Wednesday, March 13, 2019
6abc Loves the Arts: 'From Today, Painting is Dead explores photography history
6abc Loves the Arts: 'From Today, Painting is Dead explores photography history. Karen Rogers reports during Action News at 7 a.m. on March 3, 2019.

The Barnes Foundation has a new exhibition that explores the history of photography.

Titled "From Today, Painting is Dead", it includes nearly 250 photographs taken from around 1840 to 1890.

"Photographers in these early years tried to make pictures that looked like paintings," explains Thom Collins, Executive Director and President of The Barnes Foundation.

The art form was created and evolved in Britain and France but photographers in those early days would travel.

"To places like Greece and Rome," Collins says. "Africa and to Asia where photographers were making the first photographs and bringing them back to Europe."

By the 1850s, getting your picture taken had become much more affordable than having your portrait painted.

"We see a lot of portraits of anonymous people," Collins says, pointing to finely detailed daguerreotypes included in the exhibition.

But the early cameras were big and cumbersome and did not make the art easy.

"It could take minutes of exposure time just to make one picture," Collins points out. "Who could stay still for that long?"

So a rather macabre genre known as memorial photography became popular. "It's where people would be photographed shortly after their death, on their death beds," Collins says.

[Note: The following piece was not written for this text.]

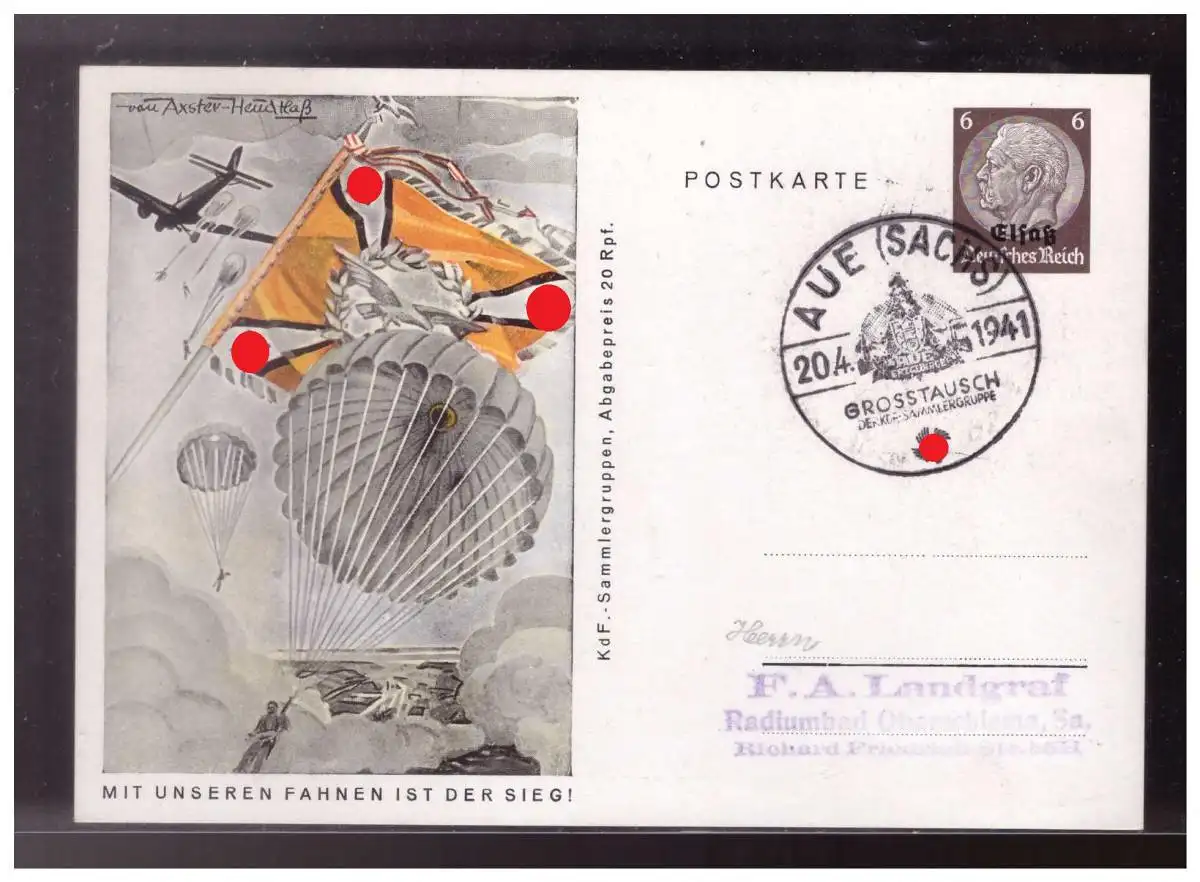 Dt-Reich (024684) Propaganda Ganzsache Elsaß P5/ 01 Fallschirmjäger, mit gest. Adresse RS Ankunftstempel!!

A memorial photograph of Victor Hugo, author of The Hunchback of Notre Dame and Les Miserables is the exhibit's most famous example of this.

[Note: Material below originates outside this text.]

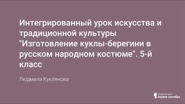 Урок рассчитан на возрастную категорию 5-го класса. Составлен на основе программы "Изобразительное искусство и художественный труд" для 1–9-х классов Б.М. Неменского. Урок входит в блок "Древние корни народного искусства", в тему "Народный праздничный костюм". Материал урока совмещён с литературно-художественным, историческим, фольклорным материалом, позволяющим всесторонне воздействовать на развитие личности ребёнка.

"So many people idolized Victor Hugo," Collins says.

There are also memorial photographs of events like The Valley of the Shadow of Death, taken in 1855 after an early battle in the Crimean War.

"It is a very powerful, very compelling picture," Collins says, "It implies the devastation of war, without actually depicting any human figures."

For visitors, it's a chance to see a number of photographs that have never before been shown, "if they try to imagine the impact of these photographs when they were first made, they were like magic," Collins says.

The photographs in the exhibition are drawn from the collection of Michael Mattis and Judy Hochberg.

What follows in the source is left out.